Questa per essere fedele al suo Signore deve continuamente rinnegare se stessa, il “noi” e farsi piccola. Perché il “noi” rischia sempre di voler sostituirsi al Signore nella ricerca della propria grandezza e del proprio potere. Si potrebbe parlare di un peccato di… ecclesiolatria! Un peccato che distrugge la chiesa stessa, perché il “noi” che vuole separarsi dall’ “altro” in forza propria, esclude noi dalla comunione con il Signore.
La comunità dei discepoli corre sempre il pericolo di diventare un “noi” centrato su di sé, invece che sul Signore da seguire. La conseguenza è questo “noi” diviene una solidarietà aggressiva, dettata dalla paura e dal voler difendere il proprio nome che si forma escludendo altri.
Il testo esclude categoricamente il “noi” come fondamento della Chiesa: “nessuno può porre un fondamento diverso da quello che già vi si trova, che è Gesù Cristo” (1Cor 3,11).
Altrove Gesù affermerà che: Chi non è con me, è contro di me; e chi non raccoglie con me, disperde (11,23), così che la discriminante per essere chiesa è l’essere “con lui” e non l’essere “con noi” riferito alla Chiesa. La Chiesa non preesiste a Cristo e neppure lo sostituisce. Essa non può mai identificarsi con Cristo, anche se Cristo si identifica con essa. Il Signore trascende sempre la stessa Chiesa e in questo modo fa sì che essa rimanga aperta e nella tensione continua che la fa abbracciare tutti, perché in tutti vede dei fratelli.
Il rischio è sempre quello di stravolgere il rapporto di fede per cui il Signore è ridotto a strumento in funzione del “noi” ecclesiale! Per questo c’è chi fa parte della chiesa visibile ma non di quella invisibile, come c’è chi fa parte della quella invisibile e non di quella visibile.
Essa è veramente cattolica quando non esclude nessuno e rispetta la libertà di tutti. Ogni diversità allora non solo è tollerata, ma considerata positiva (1Cor 12) perché l’ unità della Chiesa non è un modello socio-culturale-politico o una spartizione di potere, ma è il nome di Gesù che è stato escluso da ogni potere.
La Chiesa è la sposa che si prepara alla nozze con l’Agnello, ed è necessariamente una, ma essa ha la prerogativa di un destino universale per cui la comunità non pretende che gli altri la seguono (“non segue noi!” v. 49) ma che tutti seguano il Signore.
v. 49 I discepoli si sono sforzati nel voler impedire che un estraneo al gruppo potesse compiere esorcismi nel nome di Gesù.
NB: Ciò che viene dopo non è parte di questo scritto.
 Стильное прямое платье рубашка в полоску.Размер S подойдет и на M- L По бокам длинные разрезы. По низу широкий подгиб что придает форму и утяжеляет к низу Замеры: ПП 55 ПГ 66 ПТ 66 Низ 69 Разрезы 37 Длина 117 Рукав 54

Ci troviamo in una situazione similare alla precedente. I discepoli devono imparare ad acquisire una mentalità accogliente.[1]
Le parole di Giovanni sono l’immediata risposta a quanto Gesù ha detto circa l’accoglienza del “più piccolo” fatta “nel suo nome”. Siamo nella linea della più netta incomprensione (cf v.45) che esprime un atteggiamento diametralmente opposto a quello del Signore.
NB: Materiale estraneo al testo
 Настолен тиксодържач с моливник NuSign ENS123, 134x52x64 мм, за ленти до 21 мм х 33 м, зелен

“Maestro abbiamo visto uno scacciare i demoni”: la vittoria sul male è lo scopo della missione di Gesù e della Chiesa. Ed è solo in forza nel nome di Gesù che il male può essere sconfitto, non in forza del proprio (cf At 19,15: Alcuni esorcisti ambulanti giudei si provarono a invocare anch’essi il nome del Signore Gesù sopra quanti avevano spiriti cattivi, dicendo: «Vi scongiuro per quel Gesù che Paolo predica». Facevano questo sette figli di un certo Sceva, un sommo sacerdote giudeo. Ma lo spirito cattivo rispose loro: «Conosco Gesù e so chi è Paolo, ma voi chi siete?»).
“nel tuo nome”: (cf v. 48) è nel nome di Gesù che è possibile accogliere la diversità dell’altro, ponendosi a servizio del “più piccolo”.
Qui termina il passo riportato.